:: Information supplied ::
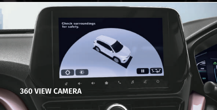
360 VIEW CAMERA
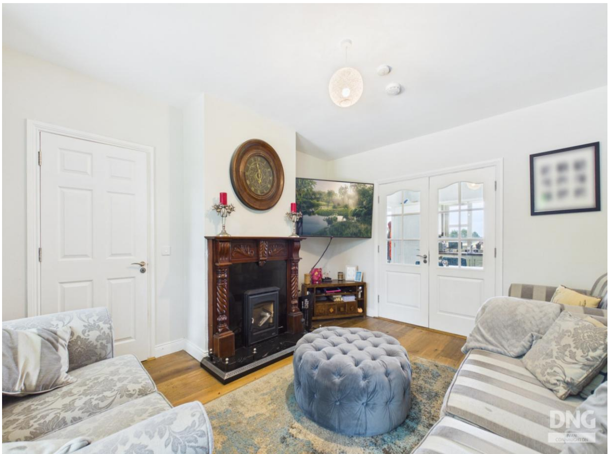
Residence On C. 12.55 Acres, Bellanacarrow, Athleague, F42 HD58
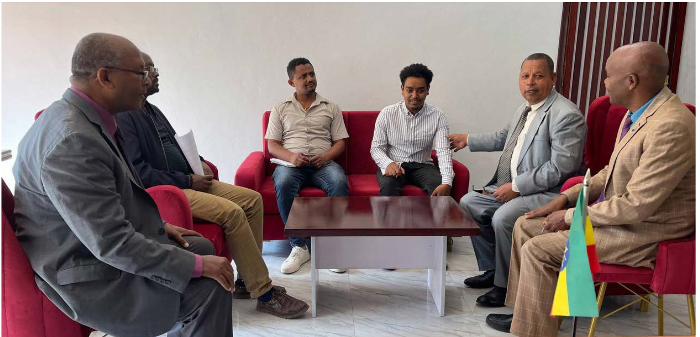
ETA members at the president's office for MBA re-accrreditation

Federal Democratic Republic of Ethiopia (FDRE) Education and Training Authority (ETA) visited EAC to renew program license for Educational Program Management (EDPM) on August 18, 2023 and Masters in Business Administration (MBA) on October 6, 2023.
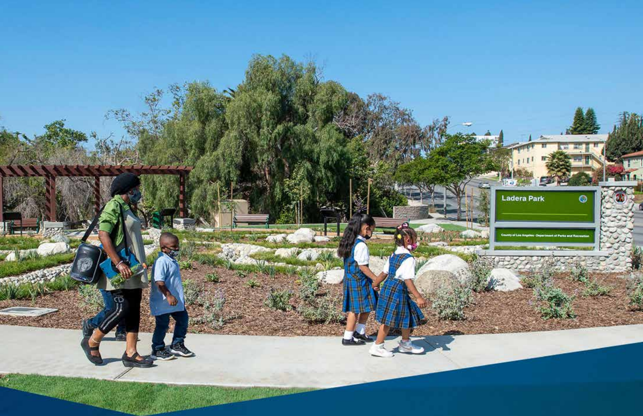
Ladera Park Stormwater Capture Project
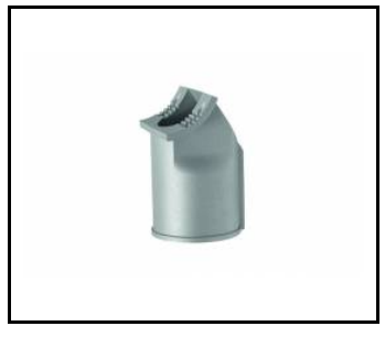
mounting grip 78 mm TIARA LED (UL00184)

* * *

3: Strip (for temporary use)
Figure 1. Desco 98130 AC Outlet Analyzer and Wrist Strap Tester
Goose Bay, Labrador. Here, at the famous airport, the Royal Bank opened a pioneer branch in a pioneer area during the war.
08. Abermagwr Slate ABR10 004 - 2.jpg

:: What you need to do ::
Among the records above, extract exactly the lines from the line with "Figure 1. Desco" to the line with "08. Abermagwr Slate ABR10 004 - 2.jpg", both lines included, and leave out the rest.

:: Finished task ::
Figure 1. Desco 98130 AC Outlet Analyzer and Wrist Strap Tester
Goose Bay, Labrador. Here, at the famous airport, the Royal Bank opened a pioneer branch in a pioneer area during the war.
08. Abermagwr Slate ABR10 004 - 2.jpg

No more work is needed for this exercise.